Postoperative valve function was assessed clinically in all patients by auscultation and blood pressure measurement. Aortic diastolic murmurs were graded on a scale of 0 to 4, with 0 representing no audible murmur and 4 representing a severe murmur. Patients were questioned regarding functional status and assigned to an appropriate New York Heart Association functional class. Echocardiography for indications of possible valve incompetence was performed at the discretion of the primary physician or cardiologist. Allograft valve incompetence was graded on a scale of 0 to 4, the same as performed during the operation. A valve with no incompetence was graded as 0, trivial incompetence as 1, mild incompetence as 2, moderate incompetence as 3, and severe incompetence as 4. Valve stenosis was graded as present or absent.

Data analysis.
Postoperative events for all patients were analyzed by means of Kaplan-Meier methods with 95% confidence intervals (CI). Only four patients had been followed up for more than 10 years; therefore, analysis is presented to the 10-year interval. Outcome data for all patients were then analyzed according to type of operative procedure. The log-rank test was used to compare patient groups for valve-related mortality, valve explantation, and structural deterioration.

Results

Mean length of follow-up for all patients was 4.6 years (range up to 11 years); total follow-up for the series was 515 years. Only seven patients were lost to follow-up at various time intervals from 2 weeks to 6 years. The data for these patients were included in all analyses; each patient was censored from the study at the time of last follow-up.

Intraoperative findings.
Thirty-one (26%) patients had prior cardiac surgery, 21 (18%) for aortic valve disease. Forty-three (36%) patients had a concomitant procedure at the time of AVR with a cryopreserved aortic allograft, which was most commonly coronary artery bypass (n = 13, 11%) or mitral valve repair (n = 13, 11%). Mean allograft valve size was 22.8 mm (range 18 to 30 mm). Aortic crossclamp time ranged from 66 to 212 minutes with a mean of 122 minutes. Intraoperative echocardiography to assess allograft valve function was performed in 78 (66%) patients; all patients had no or trivial valve incompetence.

Overall outcomes
Mortality.
To date, 11 patients have died. Four of these patients (3%; 95% CI, 0.9% to 8.5%) died within 30 days of operation. The remaining deaths occurred at a mean of 5.7 years (range 4 months to 9 years). Overall survival at 10 years was 76% (95% CI, 54% to 89%); the linearized rate for all deaths was 1.4%. Four (3%) deaths were attributable to valve-related causes; three of these were early deaths. Valve-related deaths included sudden death in three patients and death resulting from endocarditis in one patient. Freedom from valve-related death at 10 years was 93% (95% CI, 76% to 98%), as illustrated in Fig. 1; the linearized rate for valve-related death was 0.8%.

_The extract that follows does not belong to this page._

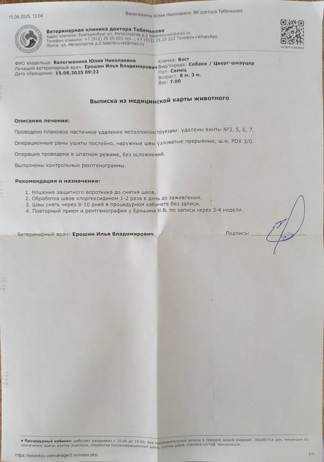 Бэста выдали из клиники, операцию сделали, швы снимать через 10-12 дней и контрольный рентген через полтора месяца.
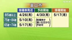 JUGEMテーマ:予防接種 「NHKオンライン」→「各地のニュース」→「富山」を選択→「もっと読む」 →「ワクチン接種スケジュール 15市町村まとめ 4月26日 19時46分」 2021.04.26(月)の他のニュース >>

View larger version (20K): [in this window] [in a new window]   Fig. 1. Freedom from valve-related mortality at 10 years (Kaplan-Meier methods; 95% CI, 76% to 98%).

Endocarditis.
Staphylococcus aureus endocarditis developed in one patient 6.5 years after he underwent allograft root replacement at age 15 years for congenital bicuspid valve. He was seen at another institution, where the allograft aortic root was found to be extensively calcified and was replaced with a conduit containing a mechanical prosthesis. Freedom from endocarditis at 10 years was 98% (95% CI, 84% to 100%).

Reoperation.
Twelve (10%) patients underwent reoperation, seven (6%) for valve-related causes. Other causes included coronary artery bypass in three patients, maze III procedure in one patient, and second-stage thoracoabdominal aneurysm repair in one patient with aortic dissection. Freedom from reoperation for any cause was 69% (95% CI, 36% to 87%).

Seven (6%) patients underwent reoperation and valve explantation, as summarized in Table II.Mean time to explantation was 5.2 years (range 5 months to 10 years). The indication for reoperation was allograft valve incompetence in four patients, endocarditis in one patient, technical error in one patient, and perivalvular leak in one patient. The last patient had a second cryopreserved aortic allograft implanted and is doing well 4 years later. Freedom from reoperation for valve-related causes requiring explantation was 92% (95% CI, 82% to 97%), as illustrated in Fig. 2; the linearized rate for explantation was 1.4%.

View larger version (20K): [in this window] [in a new window]   Fig. 2. Freedom from valve explantation for any cause at 10 years (Kaplan-Meier methods; 95% CI, 82% to 97%).

View larger version (19K): [in this window] [in a new window]   Fig. 3. Freedom from allograft valve incompetence caused by structural deterioration at 10 years (Kaplan-Meier methods; 95% CI, 89% to 99%).

Allograft valve incompetence.
Postoperative clinical assessment of the allografts for evidence of diastolic murmur was performed in all patients. Eighty-four (71%) patients had no diastolic murmur, 20 (17%) had grade 1, eight (7%) had grade 2, and six (5%) had grade 3 murmurs. Three of the patients with grade 3 murmur and one with grade 2 murmur have undergone allograft valve explantation. The remaining patients with grade 2 or 3 murmur are clinically doing well.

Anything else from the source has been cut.